President Barack Obama is strongly encouraged by U.S. lawmakers and 30 human rights groups
to use a weekend summit with Chinese President Xi Jinping to press for the freedom of Uyghur
prisoners.

Below is an article published by Chicago Tribune


U.S. lawmakers and 30 human rights groups on Thursday urged President Barack Obama to use a weekend summit with Chinese President Xi Jinping to press for the freedom of 16 prominent political and religious prisoners.

The "China 16" include imprisoned Nobel Peace laureate Liu Xiaobo, rights lawyer Gao Zhisheng and political prisoners from the Tibetan and Uyghur ethnic minorities, Christians and followers of the banned Falun Gong spiritual movement.

Obama hosts Xi in California on Friday and Saturday for what both countries have billed as an informal summit focusing more on developing personal chemistry than on resolving specific disputes between the world's two biggest economies.

The 16 prisoners were "only the tip of the iceberg among hundreds of thousands of cases," blind legal activist Chen Guangcheng told a news conference in Washington, speaking by video from New York.

Chen made international headlines last year when he escaped house arrest and took refuge at the U.S. Embassy in Beijing before flying to exile in New York to study law.

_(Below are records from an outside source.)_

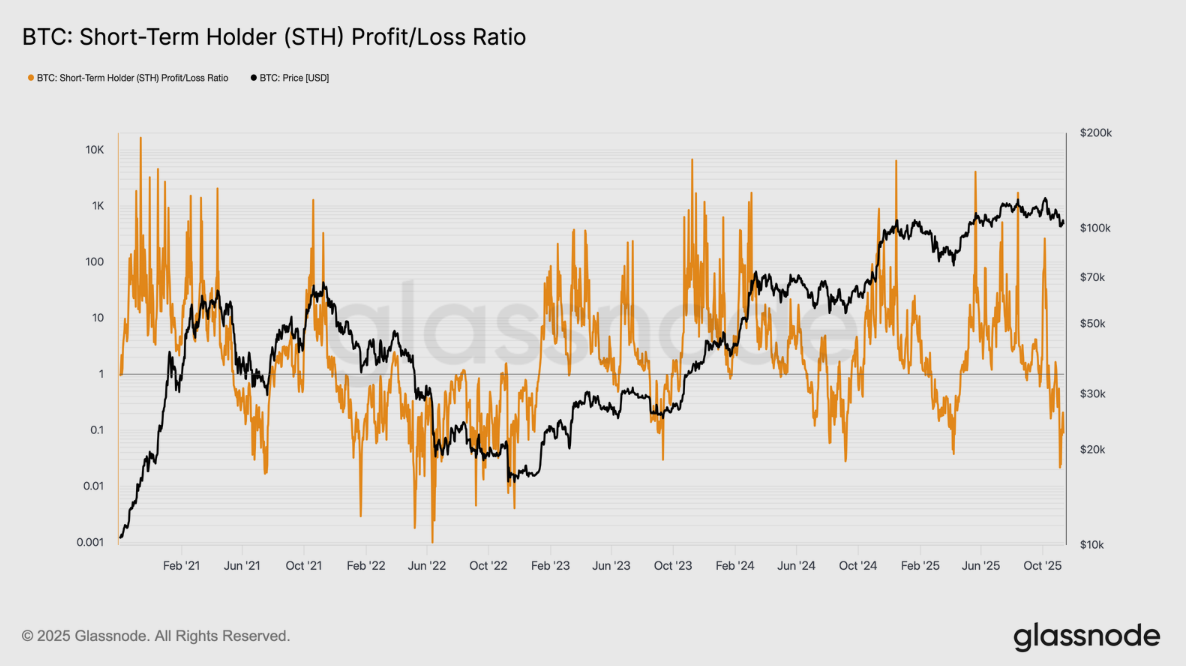 Bitcoin has experienced exceptionally intense price swings in recent weeks, with the level below $100,000 becoming a key battlefield between buyers and sellers. According to the analytical magazine Glassnode, this zone clearly reflects the exhaustion of short-term holders, who realized significant losses during the decline.
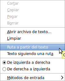 derecho sobre el texto y en las opciones que aparecen, elige Ruta a partir del texto: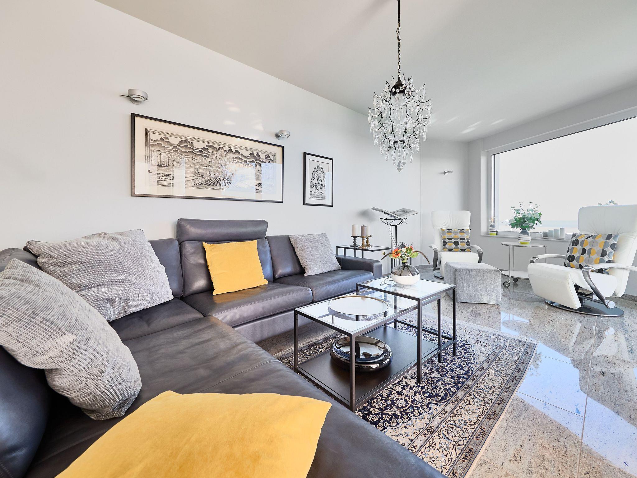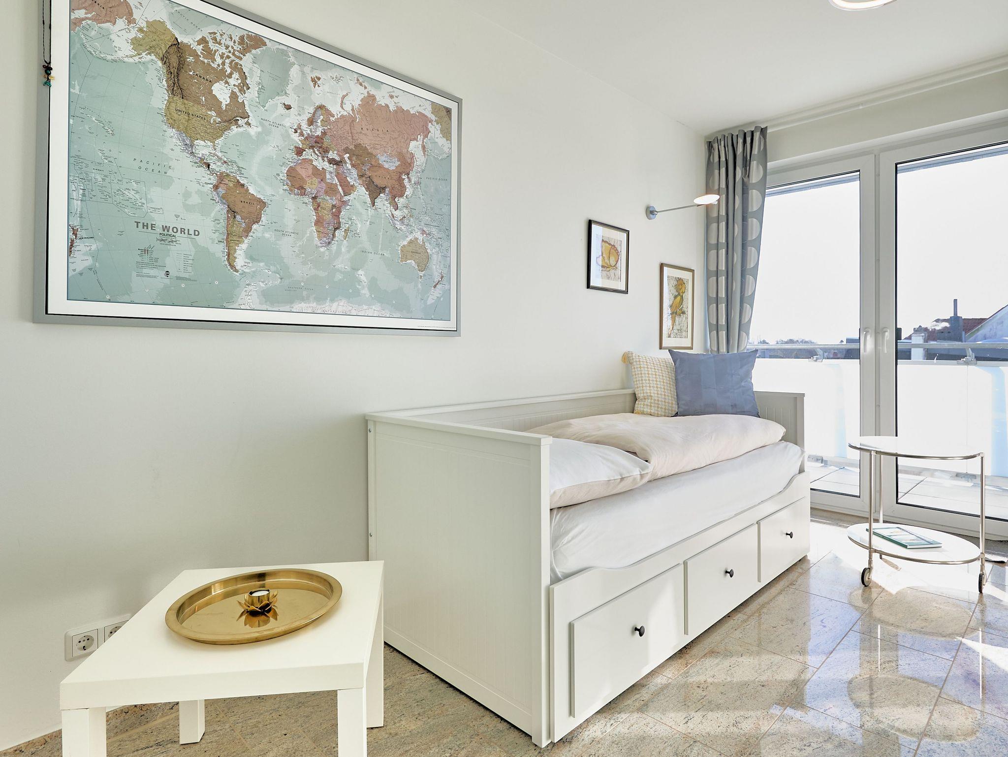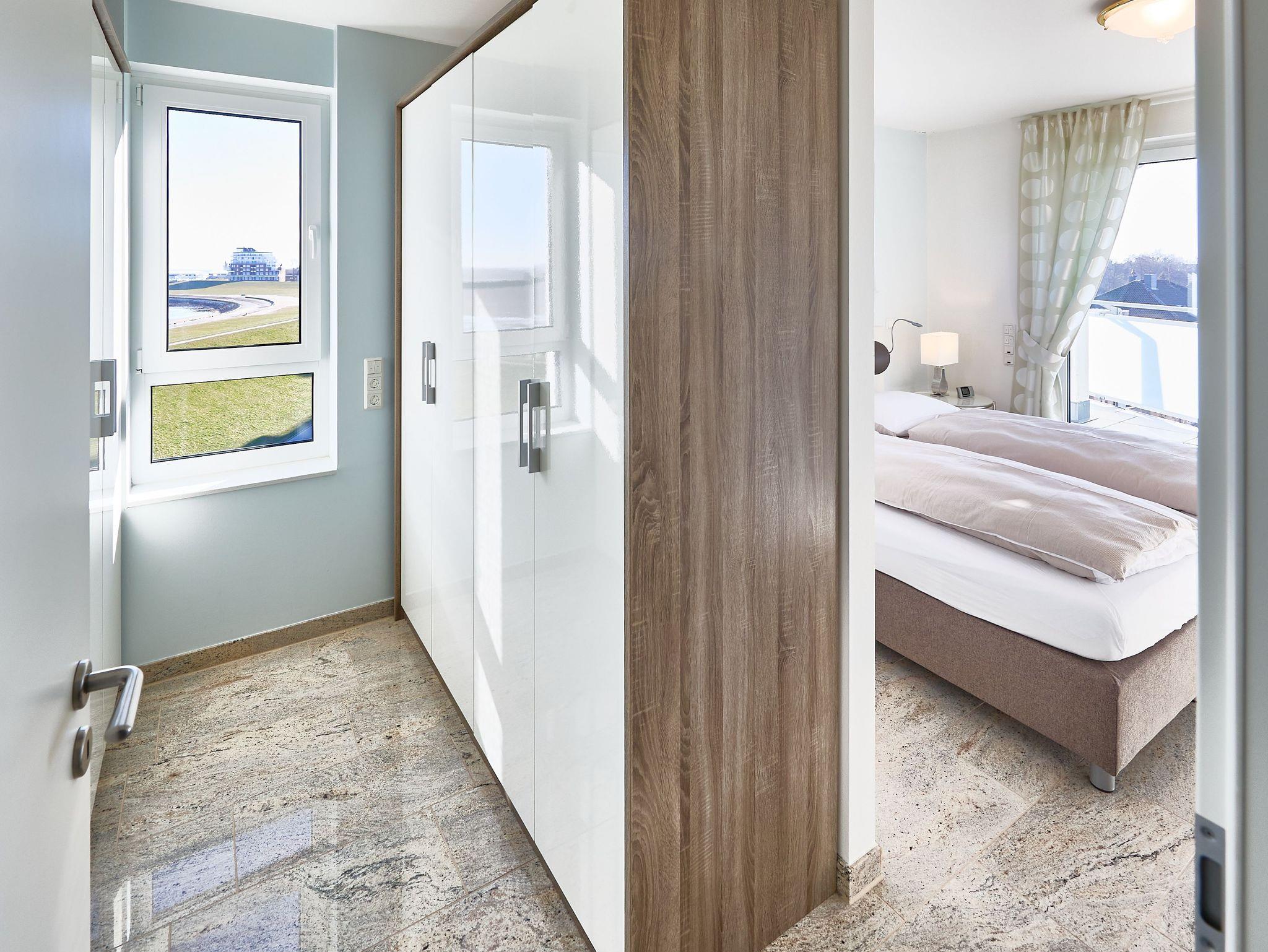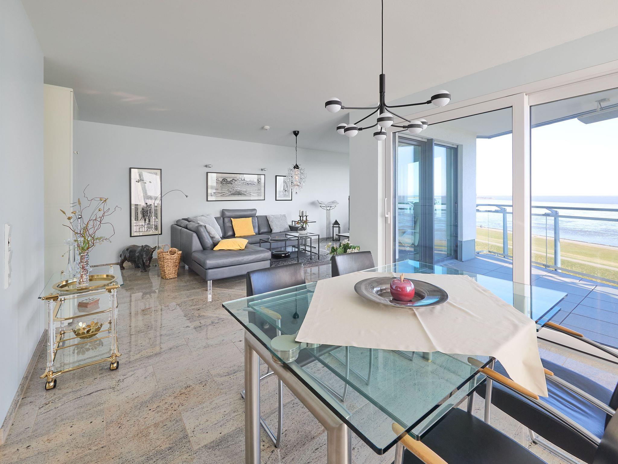Im Wohnbereich sorgen eine hochwertige Eck-Ledercouch und zwei Sessel, die zum Fenster ausgerichtet sind, für eine gemütliche Atmosphäre. Hier können Sie entspannen und den Blick auf die Elbmündung oder die vorbeiziehenden Schiffe genießen. Der Balkon bietet einen geschützten Platz, um die frische Meeresluft zu genießen ? selbst bei kühleren Brisen. Die gesamte Wohnung ist mit hochwertiger Beleuchtung und zur zusätzlichen Komfortverbesserung auch mit Lichtbewegungsmeldern, z.B. im Flur ausgestattet. Im Flur finden Sie neben der offenen Garderobe auch einen großen Garderobenschrank vor.

The 30 rights groups include Amnesty International, Jubilee Campaign and the International Campaign for Tibet and are backed by Democratic and Republican lawmakers. They called on Obama to restore human rights as a central issue in U.S.-China relations - as it had been in the first two decades after diplomatic ties were established in 1979.

"(We) call upon you to advocate for the rights of prisoners of conscience, as your predecessors have done," Republican Representatives Frank Wolf of Virginia and Chris Smith of New Jersey and Democratic Representatives James McGovern of Massachusetts and Karen Bass of California said in a letter to Obama.

A senior Obama administration official told reporters on Tuesday that, "As always, the president will forthrightly - and I think persuasively - raise American human rights concerns."

U.S. presidents routinely used to champion individual rights cases and during Bill Clinton's 1993-2001 tenure in the White House, China released well-known political prisoners on humanitarian grounds before bilateral summits.

But such releases have become rare since the United States gave Beijing permanent trading privileges in 2001, when China joined the World Trade Organization, ending an annual vote by the U.S. Congress based on a review of China's record.

"We all know how dangerous it is to get our hopes up, because we have had our hopes dashed on more than one occasion," Ti-Anna Wang told a news conference in Washington, where she has been lobbying on behalf her jailed father and other prisoners.

The 24-year-old Wang's father, Wang Bingzhang, is a physician serving life in prison for his role in overseas Chinese democracy movements. Wang and several other daughters of jailed dissidents fought back tears as they described growing up in exile in the United states, far from their jailed fathers.